Bitcoin Developers Discuss The Dangers of Not Running A Full Node

Bitcoin Developers Discuss The Dangers of Not Running A Full Node

During the Unconfiscatable conference in Las Vegas over the weekend, the Bitcoin developers panel discussed the use of simplified-payment-verification (SPV) by wallet software. The spark for this particular discussion was a recent conversation on Twitter around whether or not the use of Neutrino, which is a new SPV protocol with additional privacy protections, should be encouraged.

This panel was moderated by Programming Blockchain instructor Jimmy Song, and the other participants on the panel were Mempool Partners founder Johnny Dilley, applied cryptography consultant Peter Todd, and Braiins Systems CEO Jan Čapek.

SPV wallets were described by Satoshi Nakamoto in the Bitcoin white paper, although the theoretical fraud proofs that would provide an additional layer of security for this type of wallet have yet to materialize in the real world.
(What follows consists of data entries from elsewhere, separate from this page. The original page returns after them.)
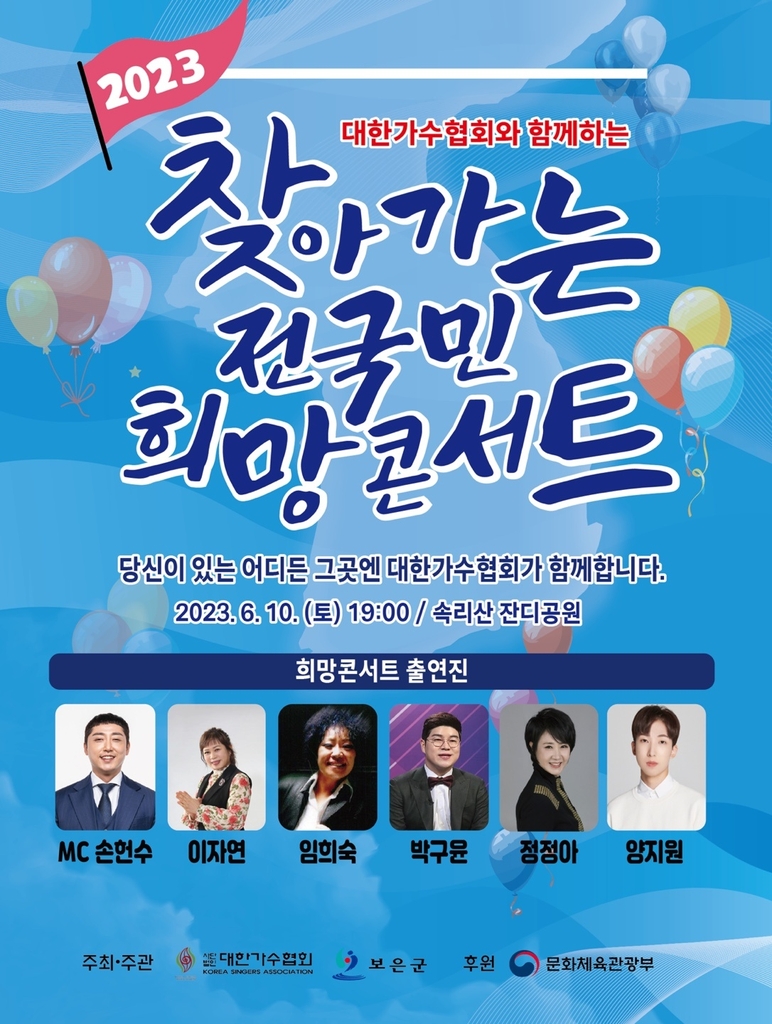 ▲ 속리산서 '찾아가는 희망콘서트' = 대한가수협회는 오는 10일 오후 7시 충북 보은군 속리산 잔디공원에서 '찾아가는 전 국민 희망콘서트'를 연다고 밝혔다.
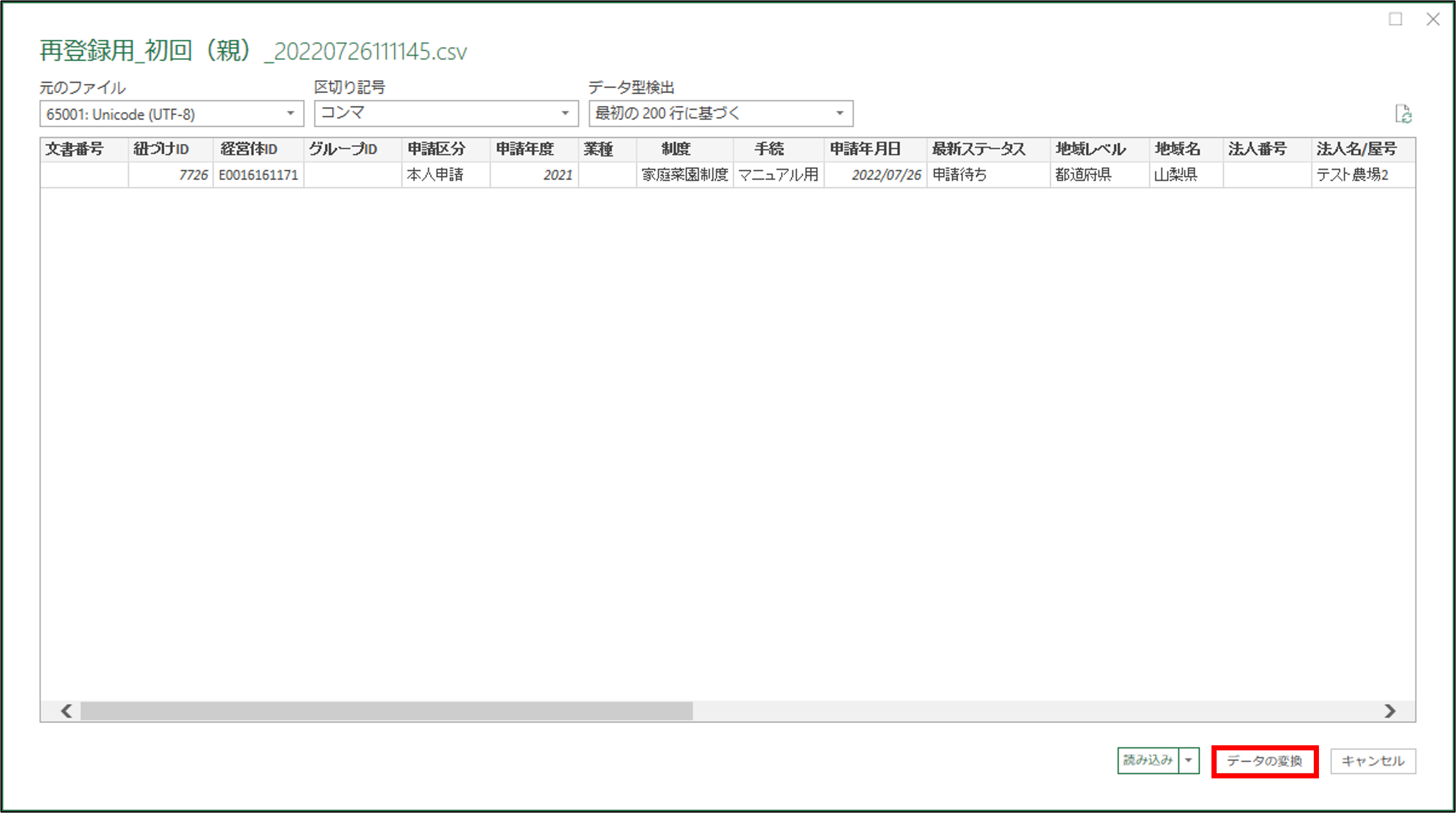 3.「データの変換」をクリックします。
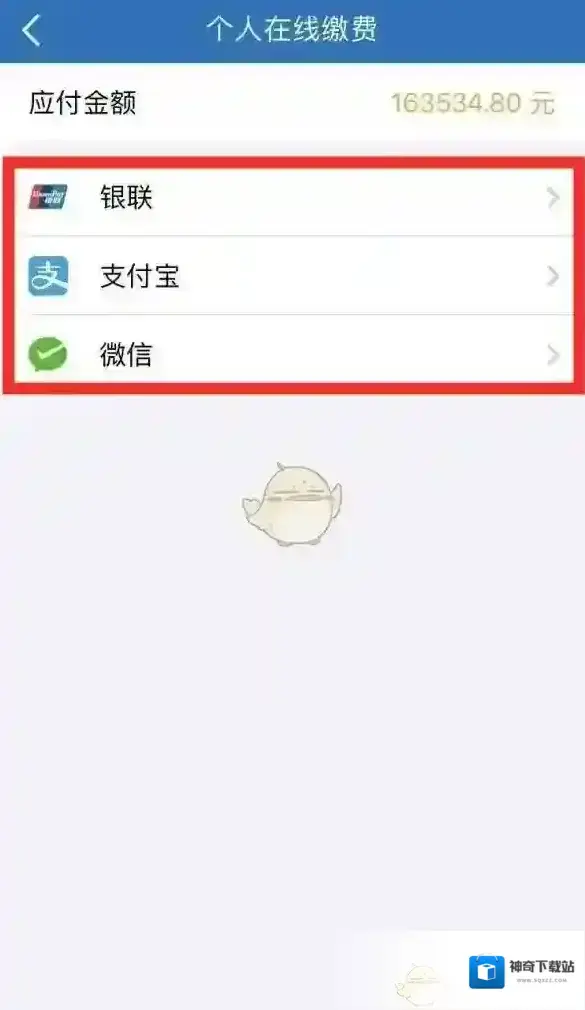 5、点击确认缴费后进入在线缴费或者个人缴费通知单下载界面。如您选择在线缴费,可通过银联、支付宝、微信完成在线缴费。如您选择临柜缴费,请下载并保存缴费通知单尽快去银行完成缴费。

It’s Okay for Users to Have a Choice

When Song first brought up the topic of SPV wallets to the panelists, Dilley noted that the idea of adding opt-in SPV functionality to Bitcoin Core has recently been an area of interest for the project’s contributors.

“The idea [is] that we can get to a kind of middleground where you concede some trust barriers in exchange for being able to lower your resource burden,” explained Dilley. “But there should be no expectation that that concession is something that must apply network wide. You must opt into that concession.”
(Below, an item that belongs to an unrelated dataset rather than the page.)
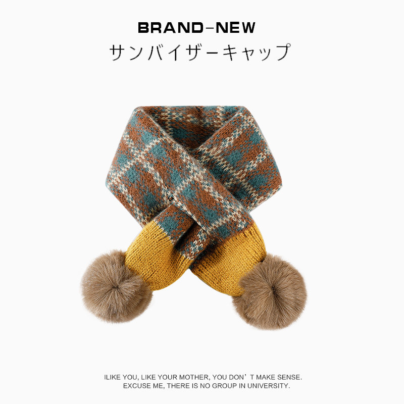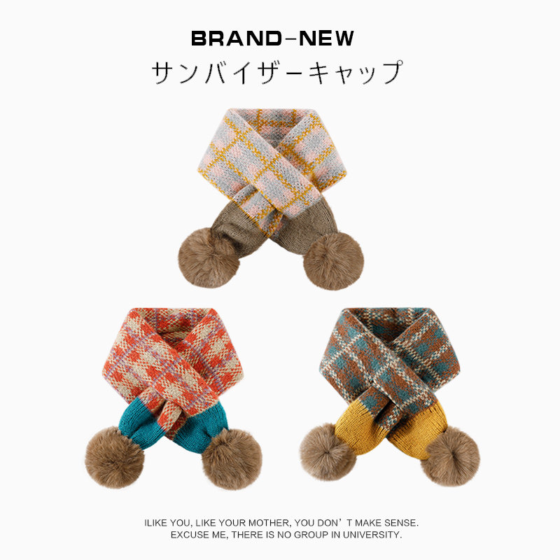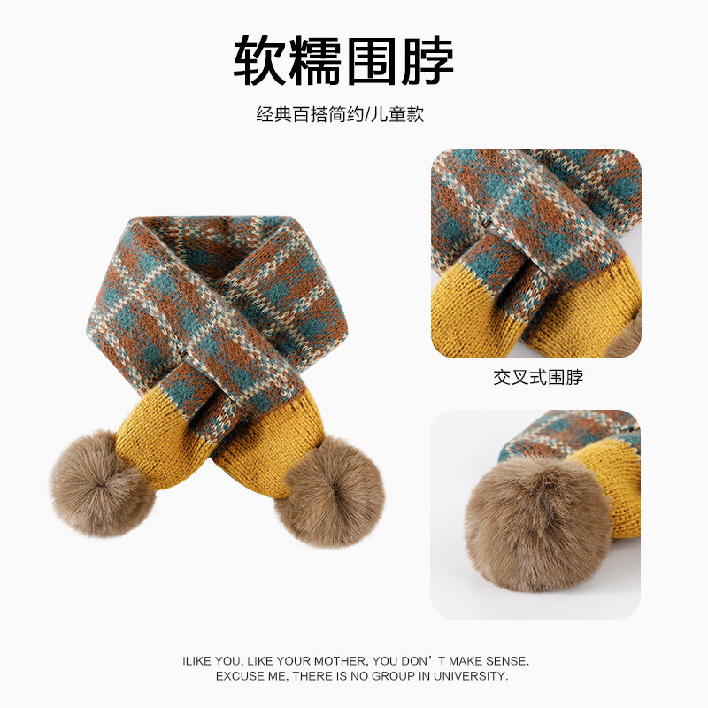 天猫儿童针织围脖加厚保暖冬季男童女童防风护颈围巾毛球宝宝交叉围巾

Dilley made it clear that it’s vital for users to understand the tradeoffs they’re making when they degrade the security of their node to SPV level.

Peter Todd: Professional Party Pooper

Per usual, Todd played the part of pointing out the potential dangers of this type of Bitcoin wallet software.

“Neutrino, purely as a protocol to get information from a peer, has obvious improvements over the status quo,” said Todd. “But light clients are just straight up dangerous for the ecosystem.”

Todd went on to advocate a system where miners are able to add anything they want to blocks in an effort to force users to validate more information about the state of the Bitcoin network on their own.

“This is the client-side validation viewpoint where essentially there are no rules for what is allowed in a block,” explained Todd. “Thus, what a transaction means is something you have to determine purely client side because if you don’t do that, someone can put garbage that makes you think you got paid and you actually didn’t, and that block won’t be rejected.”

“All this stuff about intermediary things where yeah this sort of works but if miners collude you’re really screwed I think creates very, very, very dangerous consequences for Bitcoin,” Todd added.

In Todd’s view, simply trusting a 3rd party, such as Coinbase or Blockstream, with validation is preferable to blindly trusting a majority of miners.

“[SPV validation] is incredibly dangerous because now you have given away this trust to a group of people who can self select by buying a bunch of hardware,” said Todd. “That’s the sort of thing that makes 51% attacks profitable.”

Dilley added a concluding statement on the topic of light wallets:

“I would say it works, but you have dramatically worse trust properties than under [specific] conditions . . . As long as you understand what you’re opting into, then you can do whatever you want. But you have to understand that you’re making direct and known tradeoffs about the characteristics of your payments and your sending and payables or whatever.”